===== Given information =====

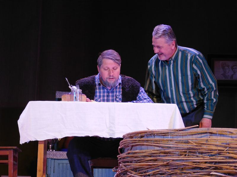 В спектакле заняты актеры народного театра Денис Гассан в роли Василя, Владислав Андрианов в роли Микиты и Елена Мацепуро в роли Ганны. Это простая история о трех стариках, которая заставляет смеяться и плакать одновременно. Их дети разъехались и забыли о них. А старики доживают свою жизнь. Они вспоминают о своей жизни, она у каждого была непростая. И вот сейчас – их вечер жизни.
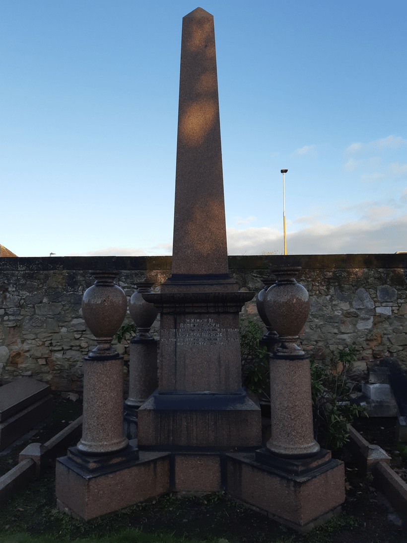 The Nisbet memorial is a veritable wall of text, with a great number of children recorded as dying in their infancy. Focusing on unusual jobs, Alexander Nisbet, patriarch, was named as a ‘salt manufacturer’ at Joppa Pans. Extracting salt isn’t as simple as digging it up, but was harvested via an industrial process. According to Portobello Heritage trust, “The production of salt by evaporating seawater gathered in large pans using coal from the shallow local mines had been carried on in Joppa since the 1630s, part of an extensive industry along both shores of the Firth of Forth… Late in the 19th century Joppa Salt Pans and the houses were taken over by the firm, Alex. Nisbet and Son, who also owned the salt pans at Prestonpans and Pinkie. They later formed The Scottish Salt Co. which went on producing salt at Joppa until 1953 when the last salter, Mr Towers retired.’
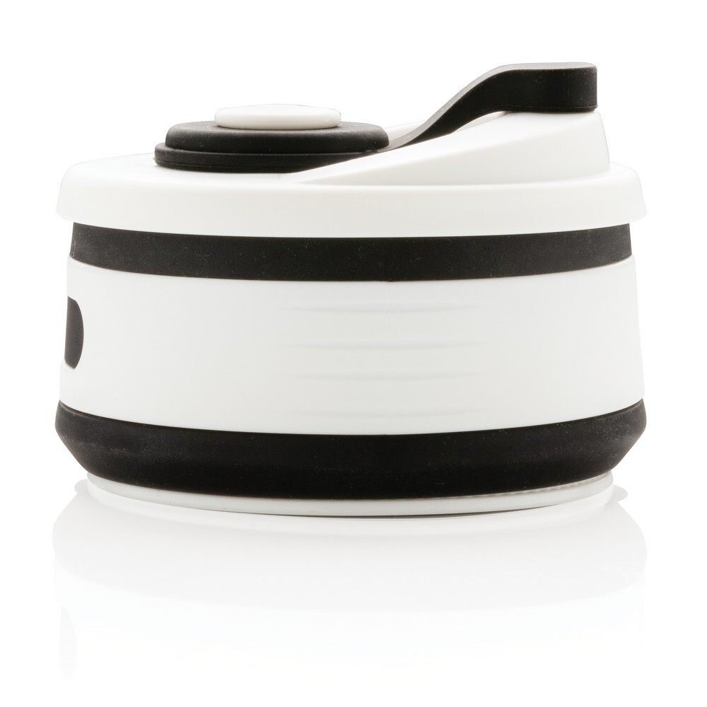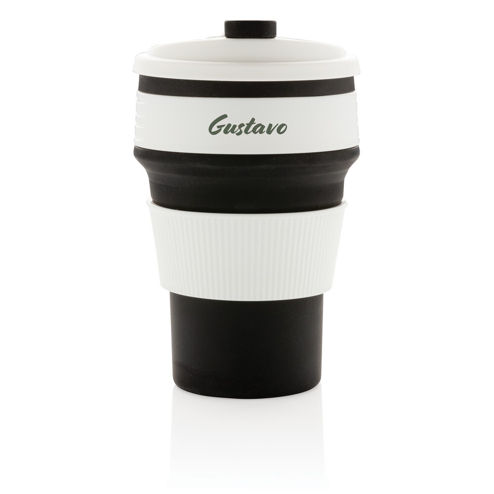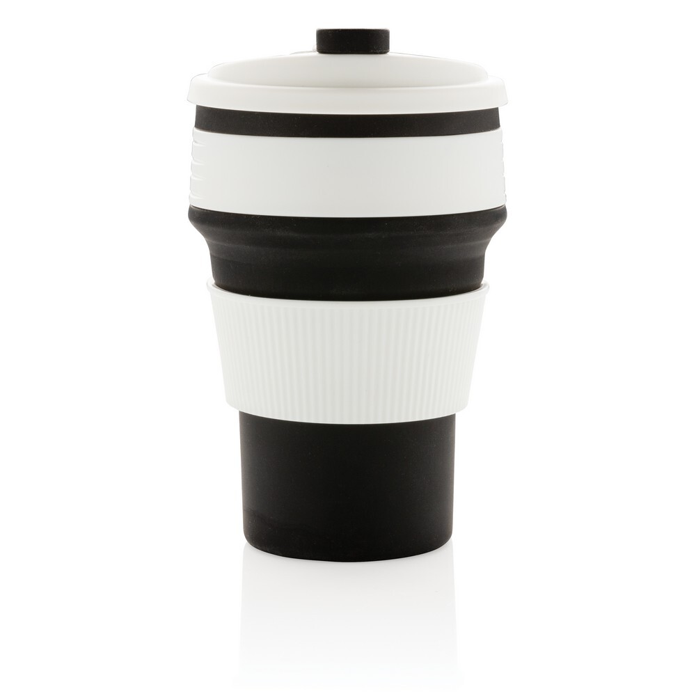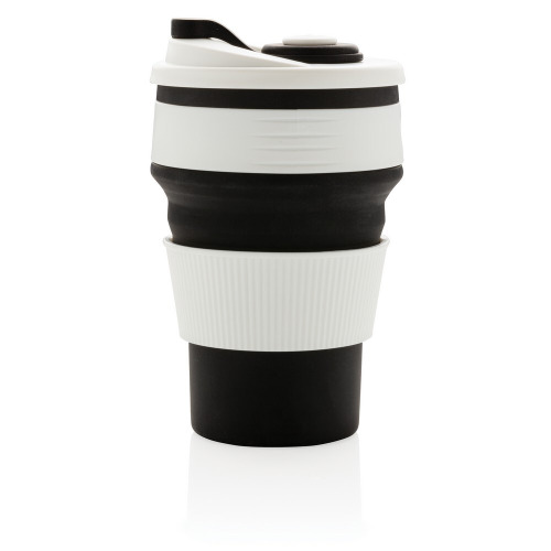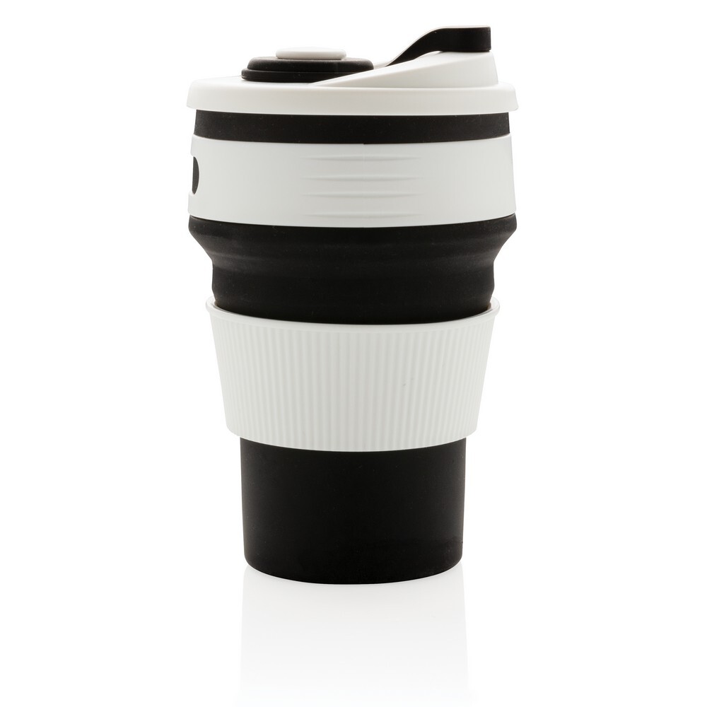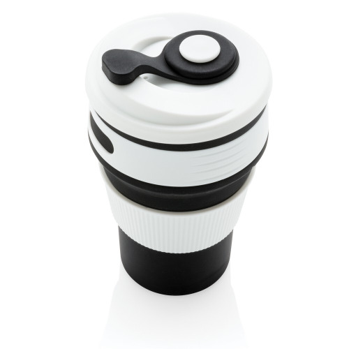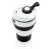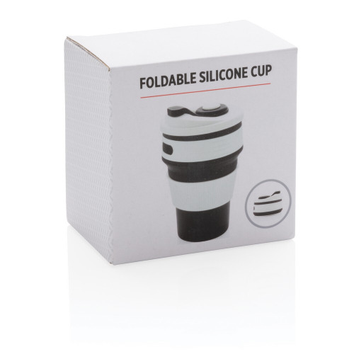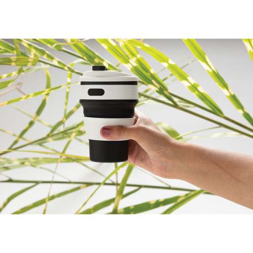 Składany kubek podróżny 350 ml, wykonany w 100% ze spożywczego materiału silikonowego, nieprzywierająca powłoka, szczelny, elastyczny, przed pierwszym użyciem należy zanurzyć kubek na kilka minut w gotującej wodzie, można myć w zmywarce, nie zawiera BPA
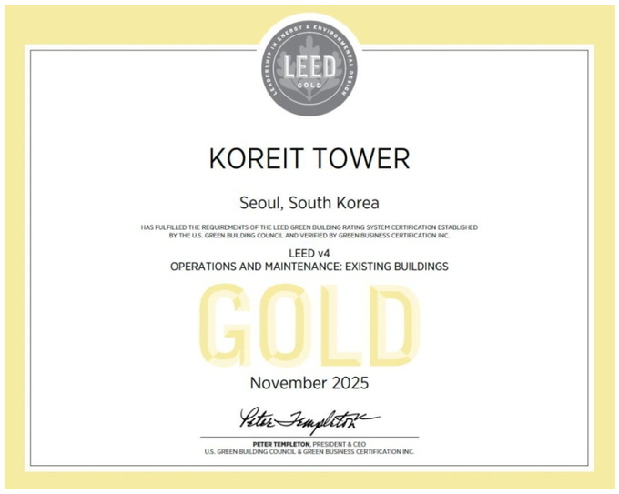 코레이트타워는 LEED의 인증 중에서도 ‘기존건물 운영·유지관리(O+M부문)’에서 골드(Gold) 등급 인증을 획득했다. 특히 O+M 인증은 ‘실제 운영 성과’를 중심으로 평가한다는 점에서 자산의 지속 가능한 관리 수준을 가늠하는 핵심 지표로 활용된다.
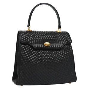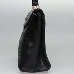 BALLY Hand Bag Leather Black Gold Auth BD031
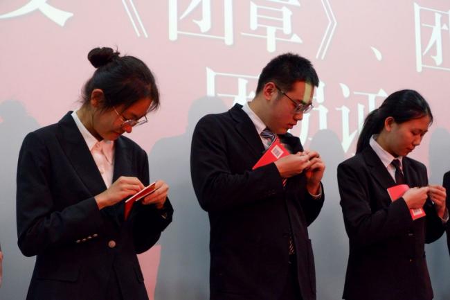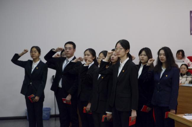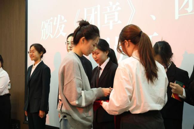 院团委书记张潇为新发展团员颁发《团章》、团员证,佩戴团徽,院团委副书记郭瑾钰带领新团员宣誓。入团誓言是对共产主义事业的庄严承诺,更是对团组织的坚定追随。新团员举起右拳在团旗下郑重宣誓,将团员青年应肩负的责任与使命铭记于心。
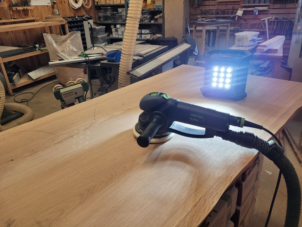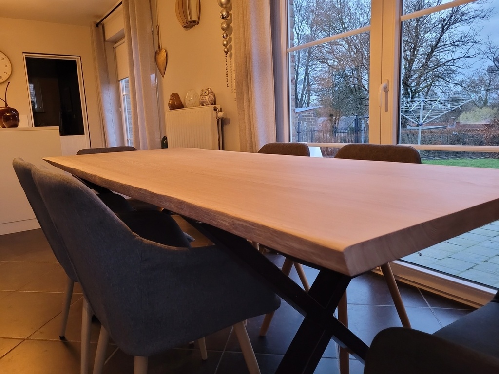 Petite réalisation sans prétention d'une table en chêne massif 'Live Edge' (les côtés de la table ne sont pas droits mais suivent la forme du tronc de l'arbre).

=====

* [Your instructions]
Make an exact copy of the lines of the records from the line containing "BALLY Hand Bag Leather Black Gold Auth BD031" through the final line, both ends included, but not of the pictures.

* [Expected answer]
 BALLY Hand Bag Leather Black Gold Auth BD031
 院团委书记张潇为新发展团员颁发《团章》、团员证,佩戴团徽,院团委副书记郭瑾钰带领新团员宣誓。入团誓言是对共产主义事业的庄严承诺,更是对团组织的坚定追随。新团员举起右拳在团旗下郑重宣誓,将团员青年应肩负的责任与使命铭记于心。
 Petite réalisation sans prétention d'une table en chêne massif 'Live Edge' (les côtés de la table ne sont pas droits mais suivent la forme du tronc de l'arbre).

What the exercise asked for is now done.